What you have to do - Copy the opening lines of the listing exactly, through and including the line with "委內瑞拉華助中心幫助遭受哄搶僑胞募捐錢物,并向各方致感謝信。"; do not copy any pictures.
+ + + + +
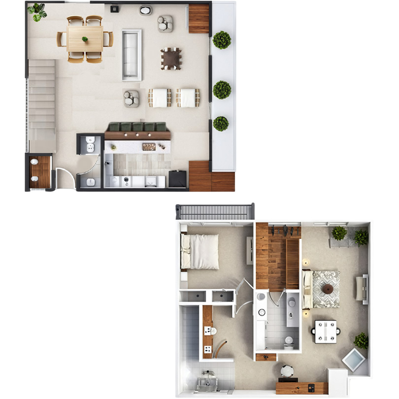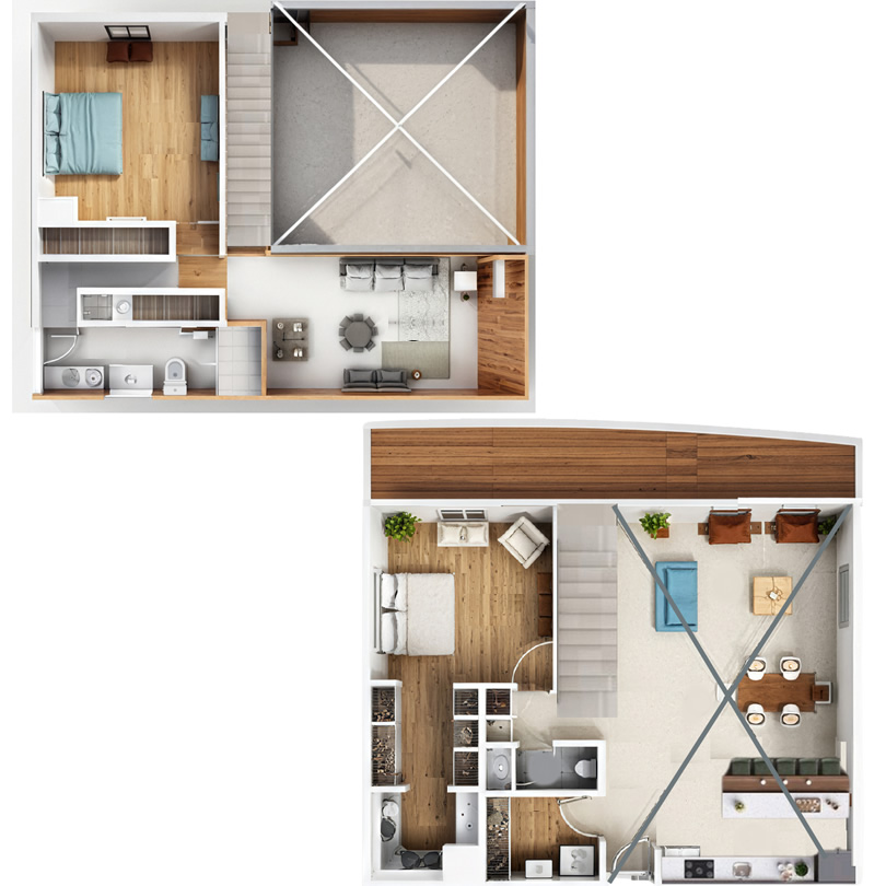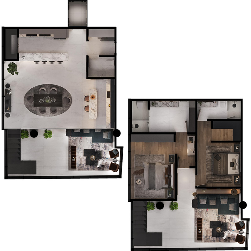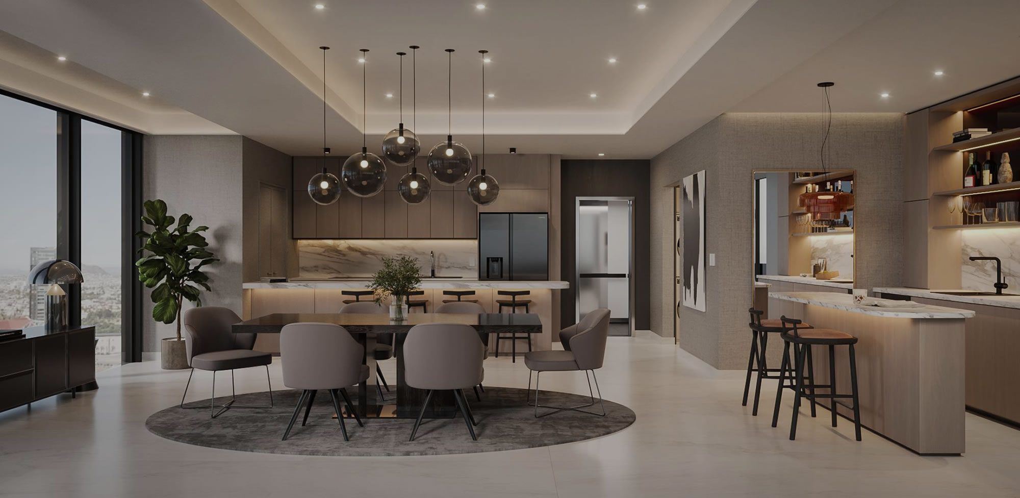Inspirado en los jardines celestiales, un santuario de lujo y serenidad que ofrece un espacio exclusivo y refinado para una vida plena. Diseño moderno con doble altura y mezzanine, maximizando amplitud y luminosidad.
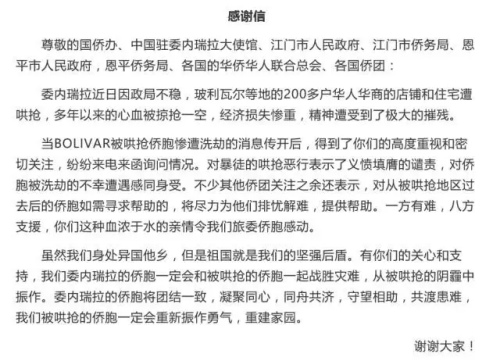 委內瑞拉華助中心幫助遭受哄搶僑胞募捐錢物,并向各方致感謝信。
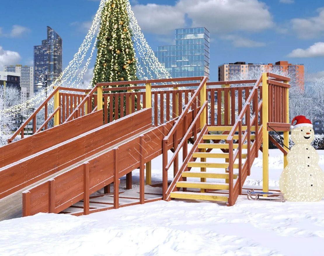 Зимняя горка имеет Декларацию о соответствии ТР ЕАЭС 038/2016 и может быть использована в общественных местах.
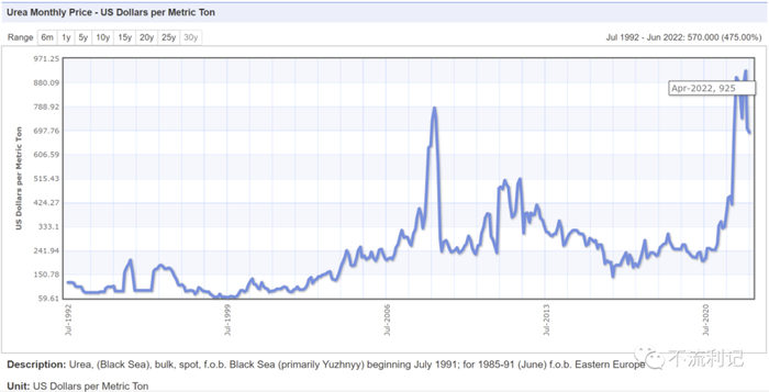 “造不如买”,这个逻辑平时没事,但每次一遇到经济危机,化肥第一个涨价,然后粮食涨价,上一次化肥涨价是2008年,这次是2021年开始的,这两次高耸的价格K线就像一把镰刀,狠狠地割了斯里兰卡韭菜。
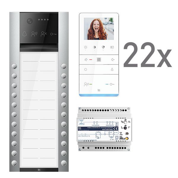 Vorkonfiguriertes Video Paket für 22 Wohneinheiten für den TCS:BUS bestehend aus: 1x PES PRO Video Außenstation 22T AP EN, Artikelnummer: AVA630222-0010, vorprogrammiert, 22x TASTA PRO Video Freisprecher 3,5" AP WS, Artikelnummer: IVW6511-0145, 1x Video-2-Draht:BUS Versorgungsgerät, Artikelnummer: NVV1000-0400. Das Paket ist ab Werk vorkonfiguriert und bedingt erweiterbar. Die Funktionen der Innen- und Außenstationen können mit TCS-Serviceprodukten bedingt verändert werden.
+ + + + +
Your solution -
Inspirado en los jardines celestiales, un santuario de lujo y serenidad que ofrece un espacio exclusivo y refinado para una vida plena. Diseño moderno con doble altura y mezzanine, maximizando amplitud y luminosidad.
 委內瑞拉華助中心幫助遭受哄搶僑胞募捐錢物,并向各方致感謝信。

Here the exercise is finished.